In fact, there are some steps that should be done in order to prepare the model for
production such as organizing the code in modules, writing tests, adding linters
and type checks and e.t.c. However, I noticed that the majority of my students
are not aware of such steps.

Therefore, I created this repository to teach my students on how to switch from jupyter
notebooks to production code and wrap the models into python package, so that it could be used later
in different applications such as web application. As an example in this repo the model is built on the Titanic dataset,
therefore the built package is called "titanic_model".

This repo is heavily influenced by the excellent
course at Udemy
["Deployment of Machine Learning Models"](https://www.udemy.com/course/deployment-of-machine-learning-models/).

## Code structure
### Configs
The model parameters are set via configs. The configs are represented by yaml files. The values
for parameters can be set in `titanic_model/config.yml` file. The cofigs are parsed and validated
in `titanic_model/config/core.py` module using [StrictYaml](https://github.com/crdoconnor/strictyaml) lib for parsing
and [Pydantic](https://pydantic-docs.helpmanual.io/) lib for type checking the values.
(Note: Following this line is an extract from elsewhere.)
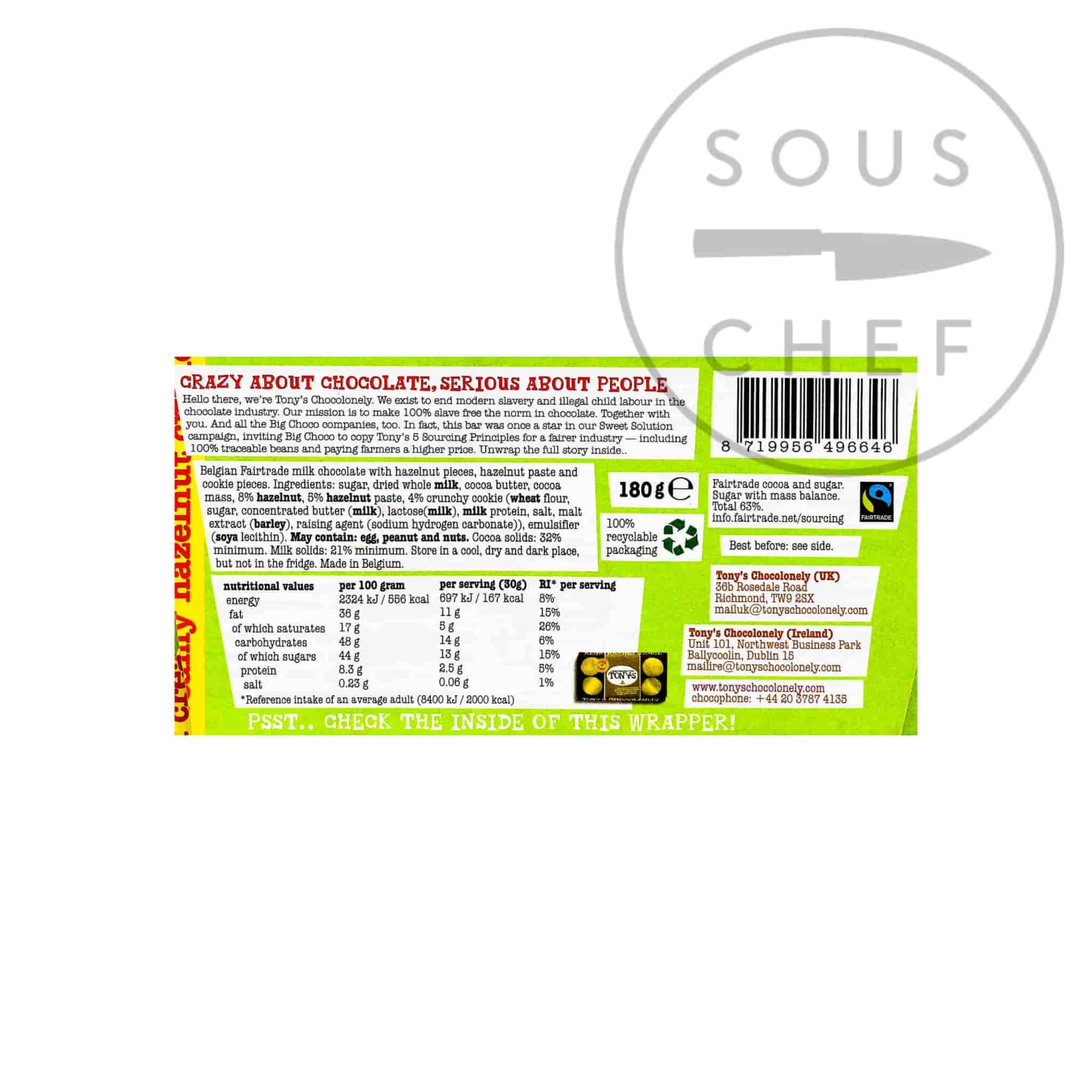 Tony’s Chocolonely milk creamy hazelnut crunch is a bar for nut lovers! With a nod to a Ferrero Rocher, smooth Belgian milk chocolate is paired with finely chopped hazelnuts, hazelnut paste and pieces of feuilletine biscuit.

### Setting the pipeline and training
The pipeline is set in `titanic_model/pipeline.py` file. Training is set in
`titanic_model/train_pipeline.py` file. All the data processing steps are made in the same
[Scikit-learn](https://scikit-learn.org/stable/) style including custom transformations, stored in
`titanic_model/processing/features.py` file.

### Making predictions
The code for prediction is set in `titanic_model/predict.py` file. Before every prediction
the validation of input data is made. The code for validation can be found in
`titanic_model/processing/validation.py` file.

## How to run the code
The code can be run via the [Tox](https://pypi.org/project/tox/) tool. Tox is a
convenient way to set up the environment and python paths automatically and run the
required commands from the command line. The file with description for tox can be found
in `tox.ini` file. The following commands can be run from the command line
using tox:

* Run training: first create a directory for saving models if there is no any `mkdir ./titanic_model/trained_models` and then run `tox -e train`
* Run testing (via [pytest](https://docs.pytest.org/en/6.2.x/)): `tox -e test_package`
* Run typechecking (via [mypy](https://mypy.readthedocs.io/en/stable/)): `tox -e typechecks`
* Run style checks
(via [black](https://github.com/psf/black), [isort](https://github.com/PyCQA/isort),
[mypy](https://mypy.readthedocs.io/en/stable/)
and [flake8](https://pypi.org/project/flake8/)): `tox -e stylechecks`

## How to install the package
In order to install the package run 

```
pip install titanic-model
```

After that you can make predictions, using the package:
```
from titanic_model.predict import make_prediction

# Example input
input_dict = {'PassengerId': [0], 'Pclass': [1], 'Name': ['Snyder, Mrs. John Pillsbury (Nelle Stevenson)'], 
              'Sex': ['female'], 'Age': [23], 'SibSp': [1], 'Parch': [0], 'Ticket': [21228], 'Fare': [82.2667], 
              'Cabin': ['B45'], 'Embarked': ['S']}

result = make_prediction(input_data=input_dict)

print(result)
```

## Web application
Link to the app: https://github.com/Emilien-mipt/titanic-webapp

Link to the corresponding Heroku link: https://titanicwebapp.herokuapp.com/

## CI (Continuous Integration)
CI has been added to the project using Github Actions in order to automate package testing step and upload to PyPI step. The files that stand for CI are located in `./github/workflows/` directory. `CI.yml` file stands for automatic testing of the package every pull-request and push to the main branch, while `PyPI.yml` file is responsible for the automatic upload of the package to the PyPI every time the release is made for the corresponding version of the package.